Richard Biener Jan. 14, 2025, 9:32 a.m. UTC
  When we have the situation of an external SLP node that is
permuted the scalar stmts recorded in the permute node do not
mean the scalar computation can be removed.  We are removing
those stmts from the vectorized_scalar_stmts for this reason
but we fail to check this set when we cost scalar stmts.  Note
vectorized_scalar_stmts isn't a complete set so also pass
scalar_stmts_in_externs and check that.

The following fixes this.

This shows in PR115777 when we avoid vectorizing the load, but
on it's own doesn't help the PR yet.

Bootstrapped and tested on x86_64-unknown-linux-gnu.

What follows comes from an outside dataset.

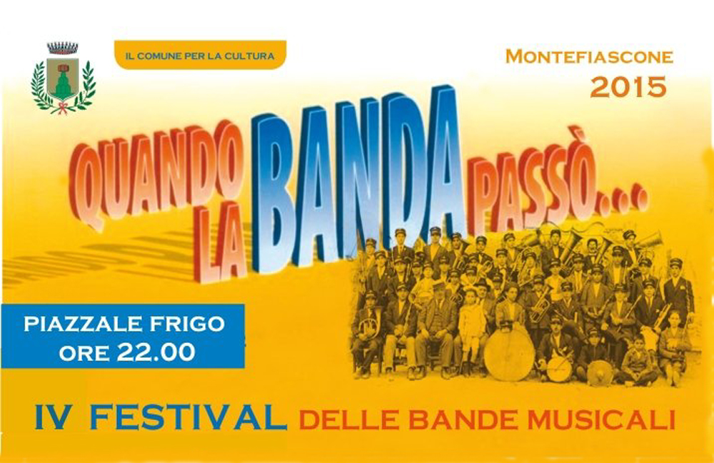Torna il Festival delle Bande Musicali “Quando la Banda passò…” L’appuntamento, che quest’anno festeggia la quarta edizione, si terrà dal 22 al 25 agosto 2015. Bande Musicali invaderanno la bella città regalando allegria al ritmo di musiche tradizionali e nuove melodie. Il grande palcoscenico naturale, di Piazza Frigo accoglierà gruppi bandistici provenienti dalla Provincia.

	PR tree-optimization/115777
	* tree-vect-slp.cc (vect_bb_slp_scalar_cost): Do not
	cost a scalar stmt that needs to be preserved.
---
 gcc/tree-vect-slp.cc | 13 ++++++++++---
 1 file changed, 10 insertions(+), 3 deletions(-)
  

Patch

diff --git a/gcc/tree-vect-slp.cc b/gcc/tree-vect-slp.cc
index 02e7f5c4d58..1d8e62e2fc1 100644
--- a/gcc/tree-vect-slp.cc
+++ b/gcc/tree-vect-slp.cc
@@ -8676,6 +8676,7 @@  vect_bb_slp_scalar_cost (vec_info *vinfo,
 			 slp_tree node, vec<bool, va_heap> *life,
 			 stmt_vector_for_cost *cost_vec,
 			 hash_set<stmt_vec_info> &vectorized_scalar_stmts,
+			 hash_set<stmt_vec_info> &scalar_stmts_in_externs,
 			 hash_set<slp_tree> &visited)
 {
   unsigned i;
@@ -8690,7 +8691,12 @@  vect_bb_slp_scalar_cost (vec_info *vinfo,
       ssa_op_iter op_iter;
       def_operand_p def_p;
 
-      if (!stmt_info || (*life)[i])
+      if (!stmt_info
+	  || (*life)[i]
+	  /* Defs also used in external nodes are not in the
+	     vectorized_scalar_stmts set as they need to be preserved.
+	     Honor that.  */
+	  || scalar_stmts_in_externs.contains (stmt_info))
 	continue;
 
       stmt_vec_info orig_stmt_info = vect_orig_stmt (stmt_info);
@@ -8809,7 +8815,8 @@  next_lane:
 	      subtree_life.safe_splice (*life);
 	    }
 	  vect_bb_slp_scalar_cost (vinfo, child, &subtree_life, cost_vec,
-				   vectorized_scalar_stmts, visited);
+				   vectorized_scalar_stmts,
+				   scalar_stmts_in_externs, visited);
 	  subtree_life.truncate (0);
 	}
     }
@@ -8891,7 +8898,7 @@  vect_bb_vectorization_profitable_p (bb_vec_info bb_vinfo,
       vect_bb_slp_scalar_cost (bb_vinfo,
 			       SLP_INSTANCE_TREE (instance),
 			       &life, &scalar_costs, vectorized_scalar_stmts,
-			       visited);
+			       scalar_stmts_in_externs, visited);
       vector_costs.safe_splice (instance->cost_vec);
       instance->cost_vec.release ();
     }